DPR: Sepanjang 2013 nasib buruh Indonesia masih buram
Bahkan perburuhan di sektor BUMN pun masih terjadi berbagai bentuk pelanggaran.
Sepanjang tahun ini, DPR mencatat masih banyak kasus eksploitasi buruh secara massif dan sistematis di Indonesia, meski konstitusi dan peraturan perundang-undangan (UU) telah menjamin hak buruh untuk hidup secara adil dan layak.
"Namun sepanjang periode 2013 kondisi perburuhan di Indonesia masih diwarnai potret buram yang terjadi baik di sektor BUMN maupun sektor swasta di mana terjadi berbagai bentuk pelanggaran," kata Anggota Komisi IX DPR RI Rieke Diah Pitaloka, dalam siaran persnya, Kamis (2/1).
Rieke, politisi PDI Perjuangan itu menjelaskan beberapa catatan, di antaranya; perusahaan negara melanggar hukum dan mengeksploitasi pekerjanya serta terjadi PHK sewenang-wenang terhadap sedikitnya 2000-an pekerja outsourcing di BUMN.
Kemudian, sistem perbudakan modern di sektor swasta makin parah.
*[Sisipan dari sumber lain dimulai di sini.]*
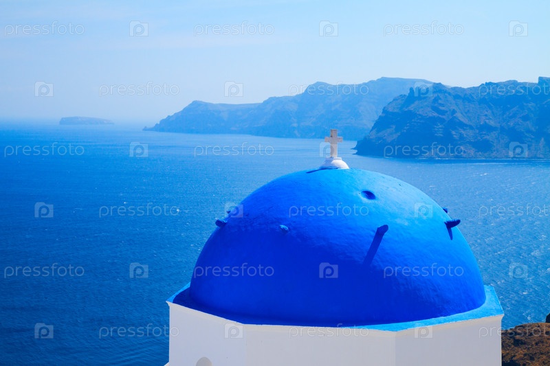 Традиционный синий купол церкви и голубая морская вода в летний день, Оиа, остров Санторини, Греция
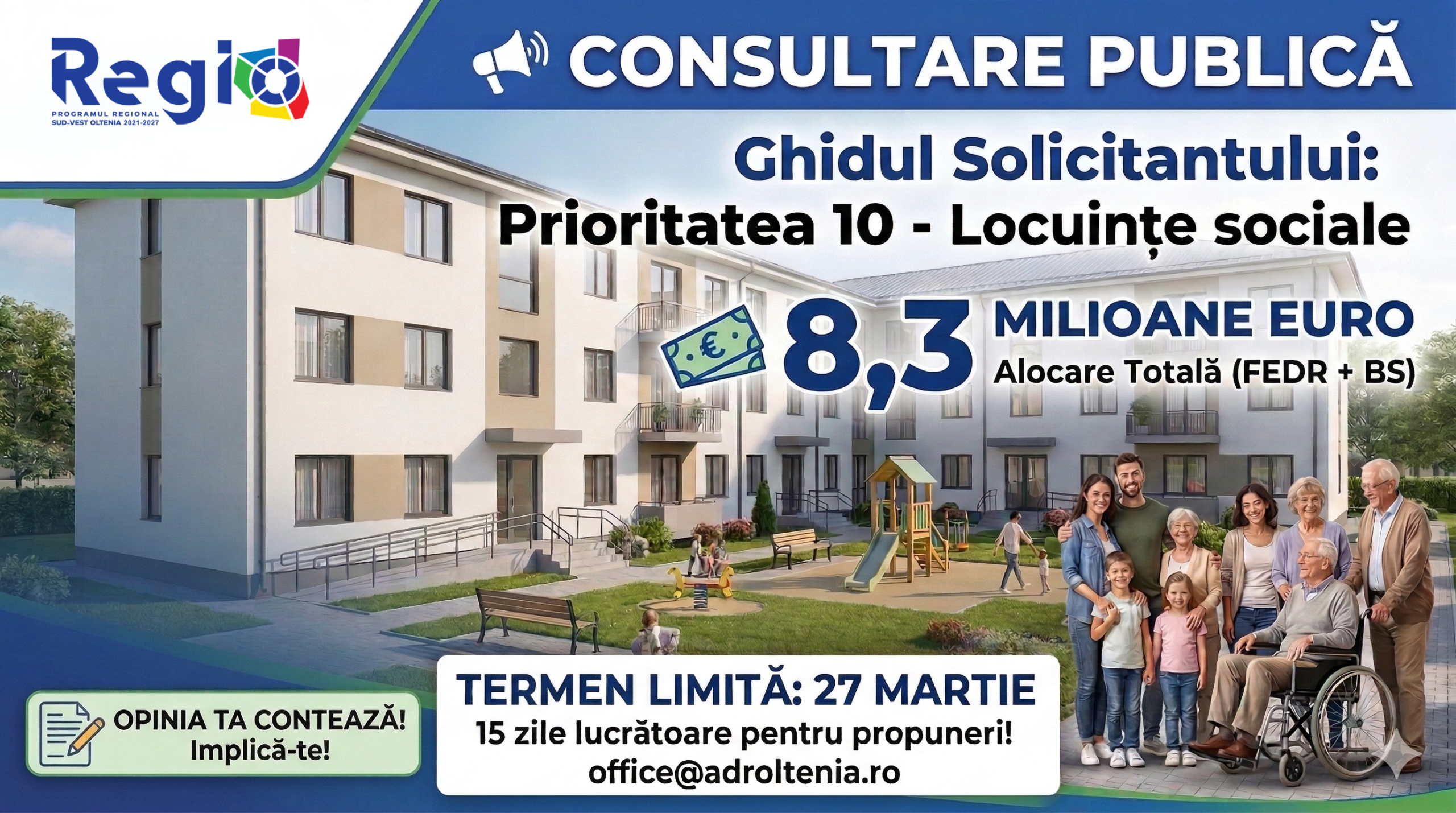 CONSULTARE PUBLICĂ: 8,3 milioane de euro pentru locuințe sociale în Oltenia!
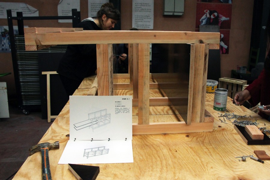 Entre 2019 et 2020, La Facto et l’atelier 15-17 ont conçu et organisé le chantier participatif de construction de mobilier pour la buvette.
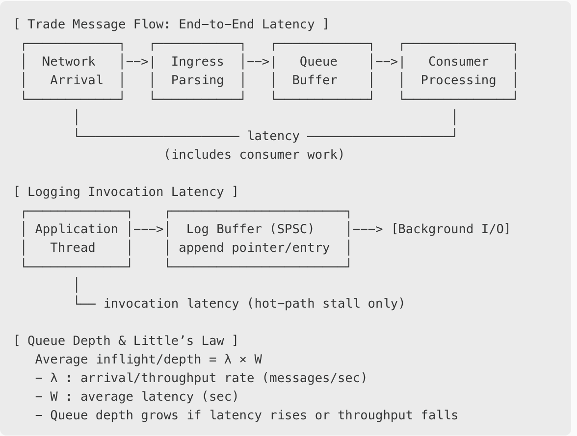 The primary figure of interest (on the system) is the end-to-end latency: the time from when a market data tick or trade message arrives on the wire until the consumer has fully processed it. This includes not just transport (time to be put on/off the queue) and queuing delay (time spent in the queue waiting to be consumed), but also the consumer’s own work.
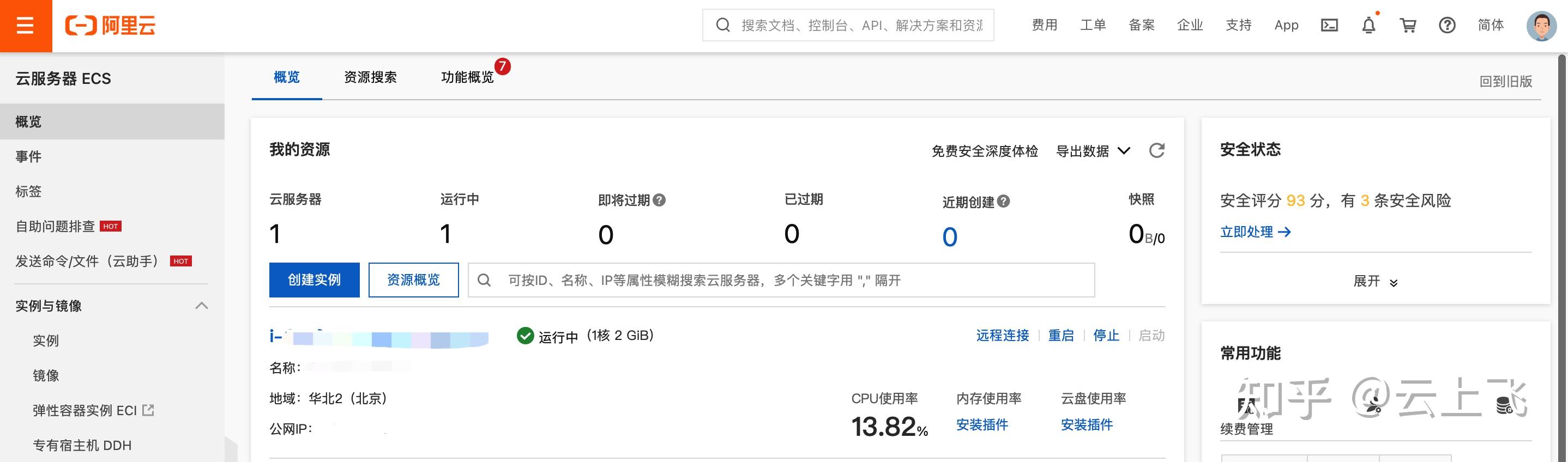 阿里云的控制台交互界面以文字功能应用和云服务器状态展示,以运维效率为主。
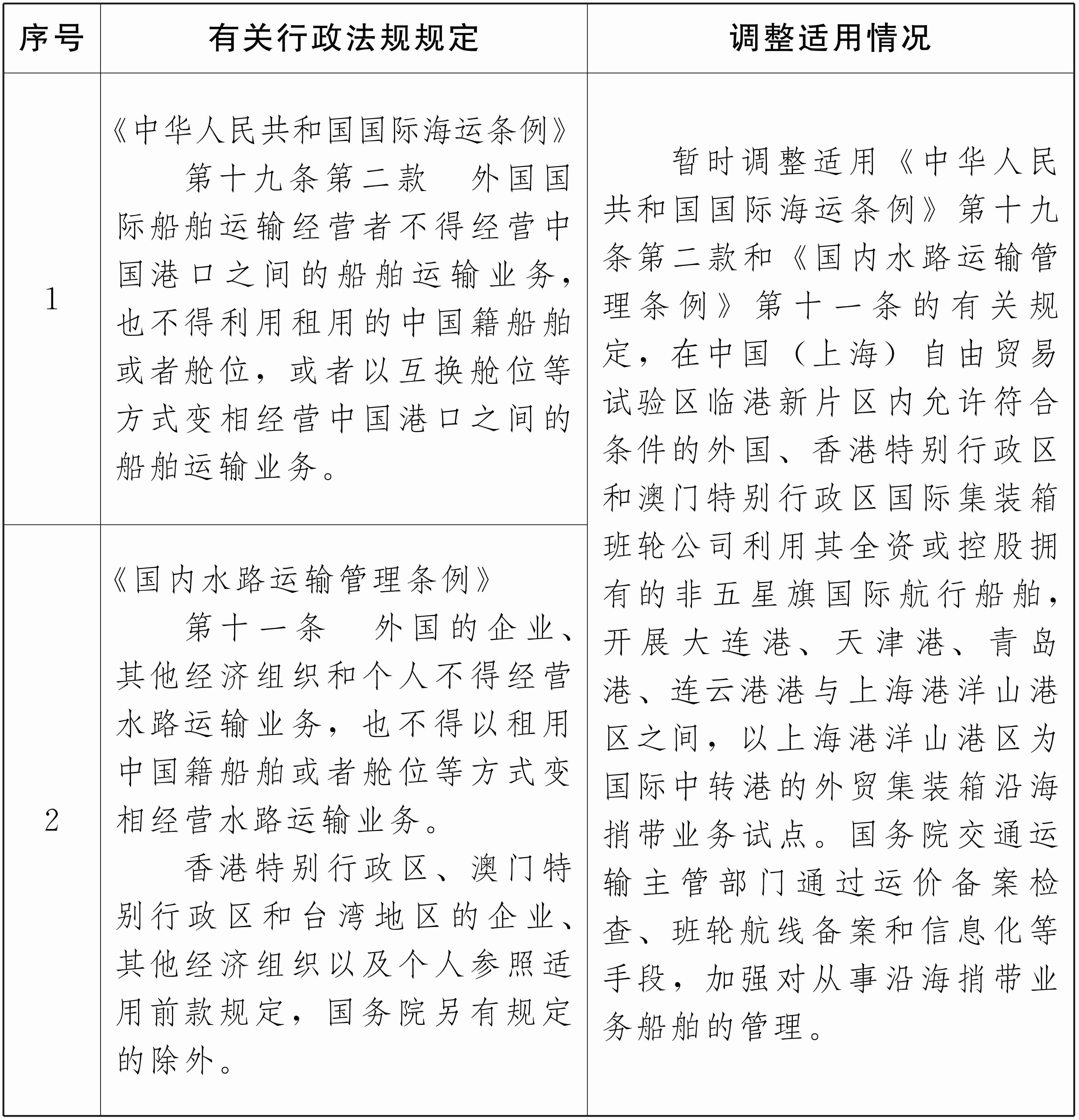 一、按照《国务院关于印发中国(上海)自由贸易试验区临港新片区总体方案的通知》(国发〔2019〕15号),同意自2025年1月1日起至2027年12月31日,在中国(上海)自由贸易试验区临港新片区暂时调整适用《中华人民共和国国际海运条例》、《国内水路运输管理条例》的有关规定(目录附后)。

Tahun ini, dia melanjutkan, terbongkar praktik perbudakan terhadap 34 buruh pabrik kuali di Tangerang. Diperkirakan, praktik outsourcing dan kontrak yang melanggar UU juga terjadi terhadap sedikitnya 8 juta buruh Indonesia.
Berikutnya, soal kebijakan Inpres (Instruksi Presiden) Nomor 9 Tahun 2013 yang diterbitkan pemerintah SBY adalah bukti kebijakan pengupahan pemerintah masih berwatak upah murah dan otoriter serta belum berorientasi untuk meningkatkan kesejahteraan buruh.
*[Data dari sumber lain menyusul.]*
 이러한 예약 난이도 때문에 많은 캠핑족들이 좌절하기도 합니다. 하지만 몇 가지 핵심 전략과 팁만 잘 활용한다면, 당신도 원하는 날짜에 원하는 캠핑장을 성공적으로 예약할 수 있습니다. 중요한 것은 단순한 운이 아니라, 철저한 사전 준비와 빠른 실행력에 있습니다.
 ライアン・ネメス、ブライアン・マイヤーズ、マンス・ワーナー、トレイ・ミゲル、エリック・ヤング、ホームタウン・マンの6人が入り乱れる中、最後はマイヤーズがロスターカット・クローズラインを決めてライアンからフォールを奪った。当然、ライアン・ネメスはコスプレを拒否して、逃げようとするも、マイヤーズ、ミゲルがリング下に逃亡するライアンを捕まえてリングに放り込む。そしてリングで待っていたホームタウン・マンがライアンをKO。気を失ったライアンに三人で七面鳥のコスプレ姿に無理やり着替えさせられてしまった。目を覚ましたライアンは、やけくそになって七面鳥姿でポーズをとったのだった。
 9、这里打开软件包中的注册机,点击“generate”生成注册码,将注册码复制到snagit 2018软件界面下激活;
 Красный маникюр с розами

Begitu juga dengan kebijakan Sistem Jaminan Sosial dan Keamanan, Kesehatan dan Keselamatan Kerja. Menurut Rieke, kebijakan itu masih belum memberikan perlindungan terhadap buruh.
"Dari sekitar 42,1 juta pekerja formal, hanya 15 persen atau sekitar 13.214.421 juta jiwa tercakup dalam Jamsostek dan dari 237 ribu Perusahaan Swasta hanya sekitar 500 perusahaan yang mempunyai program pensiun," ujarnya.
Masalah lain adalah kekerasan terhadap buruh, seperti pada pemogokan nasional 30 Oktober 2013 lalu, sedikitnya 28 buruh di Bekasi menjadi korban percobaan pembunuhan dan tindak kekerasan oleh preman, dan terjadi pembiaran oleh aparat negara.
Oleh sebab itu Rieke mendesak aparat negara harus melakukan penegakan hukum ketenagakerjaan secara tegas tanpa tebang pilih termasuk terhadap perusahaan BUMN yang melanggar hak normatif pekerja. Rieke juga mendesak agar Inpres Nomor 9 Tahun 2013 dicabut.
Desakan lain, pemerintah juga diminta menghentikan segala bentuk kriminalisasi maupun tindakan represif baik yang dilakukan oleh aparat maupun preman terhadap buruh yang sedang memperjuangkan haknya.
"Likuidasi dan bubarkan Perusahaan Penyedia Jasa Pekerja (PPJP) provider outsourcing tenaga kerja di BUMN dan swasta yang melanggar UU dan status tenaga kerja outsourcing demi hukum hubungan kerjanya beralih menjadi pekerja tetap di perusahaan pemberi pekerjaan yang merupakan pengguna."
Desakan lain, pemerintah diminta menerbitkan 12 peraturan turunan BPJS kesehatan dan 9 peraturan turunan BPJS ketenagakerjaan sesuai dengan amanat UU Nomor 24 Tahun 2011 tentang Badan Penyelenggara Jaminan Sosial dan UU Nomor 40 Tahun 2004 tentang Sistem Jaminan Sosial Nasional (termasuk segera selesaikan revisi Peraturan Pemerintah (PP) Nomor 101 Tahun 2014 tentang penerima PBI dan PP Nomor 12 Tahun 2013 tentang Jaminan Kesehatan.